I do not say this to sound my own horn, but to illustrate a point. Many would say that this is worthy and commendable. But I do not remember hearing it. After many disciplinary episodes, I made the decision, despite my consistently negative feelings, to work towards the top. The reward I got for my effort was not praise, but neglect. And I still heard about the need for ‘stick-tuitiveness’ now and then. This is not intended to be a personal expose, but a personal illustration. My efforts were not motivated by fear; my personal choice to excel academically was born out of a desire for recognition and acceptance: I wanted to REACH something, not AVOID depression and delinquency. I was positively motivated; and still I heard ominous reminders about that ‘stick-tuitiveness’. Many years later, I realized that what I heard was borne out of the expectation that I would eventually -have to- become like those guiding me; that I would -have to- get a job and run the rat race, that I would -have to- (insert cultural paradigm), because that’s what everybody else in the family did, because ‘that’s just the way it is’, ‘that’s just what you gotta do’. To those counseling me, ‘stick-tuitiveness’ meant doing what was expected by peers or society, no matter how unappealing or unnatural it might seem.
Horse manure.
The main benefit of survival thinking is that it forces you to take action. The main drawback of survival thinking is that it forces you to take action at the expense of imagination and creativity. The proliferation of employeeship has affected the West in many ways, not the least of which is that it has reinforced survival mentality by proscribing fixed ‘slots’ or niches of opportunity within a defined structure. This initially placates both the lizard-brain and the imagination (more technically, the amygdala and the Pre-Frontal Cortex), and may even stimulate the latter; but as time goes on, when the burdens of life weigh more and more heavily on a fixed opportunity, the lizard-brain starts to speak again, exerting the pressure to act; and we tend to act within the system, without much creativity or ingenuity, without looking for alternatives to the situation of being someone else’s paid servant.
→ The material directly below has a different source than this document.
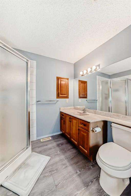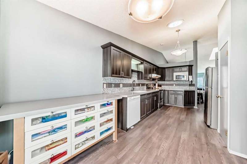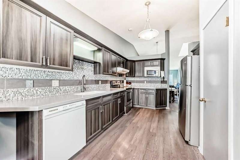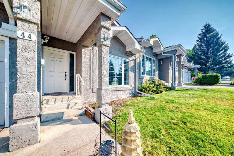**OPEN HOUSE SATURDAY SEP 27th 1:00-3:00pm** Charming Bungalow Villa with Endless Storage & Prime Location! This rare end-unit bungalow villa offers the perfect blend of convenience, comfort, and style. Featuring 2 bedrooms, 3 bathrooms, and vaulted ceilings with a skylight, the open main floor is bathed in sunlight. The functional kitchen leads to a large back deck, ideal for morning coffee or evening relaxation. A wood-burning fireplace in the living room adds warmth and charm, while the dining area makes entertaining a breeze. Designed for effortless living, this home has main floor laundry, a double attached garage, and air conditioning for year-round comfort. Recent updates include new main floor windows and doors (2017-19) and extra attic insulation for energy efficiency. Storage will never be an issue—this home has more than you could ever need! Located in a well-managed and maintained condo community with no age restrictions, this home is perfect for those seeking single-floor accessibility or a fantastic opportunity for families and first-time buyers. Enjoy the convenience of being minutes from shopping, schools, downtown, and the ring road, offering quick access to anywhere in the city or a weekend getaway to the mountains. Come see the potential and make this beautiful home yours today!

To tie it all together: My interest in Dave’s two terms is in understanding why the majority of people don’t ‘see’ entrepreneurship as an alternative, and why most who do don’t put in the effort to make it work: They’re seeking to survive, not succeed; they’re dreading failure, not dreaming of winning. The Fifth Law of Decline, the Law of Inertia (or the ‘doom loop’, as Jim Collins called it), is what pushes people into survival thinking and away from entrepreneurial thinking. This is not the only reason for the slim success rate of entrepreneurs, but I think it is an important one. What tends to not be understood is that fighting inertia and natural inclinations isn’t important only for the moment, but over the long haul as well; that’s what ‘stick-tuitiveness’ REALLY means.
Reposted at http://huntingtarg.wordpress.com/2014/08/04/the-real-struggle/
@Dave Charbonneau: “(The argument can then be made that working in a given segment IS the entrepreneurial enterprise, not the ideas or businesses that are passing through the process. This would be correct, of course. But the article’s description appeared to ward off one’s focusing on segments in general — or, at least, starting multiple businesses).”
Well said! I totally agree with this. Good clarification!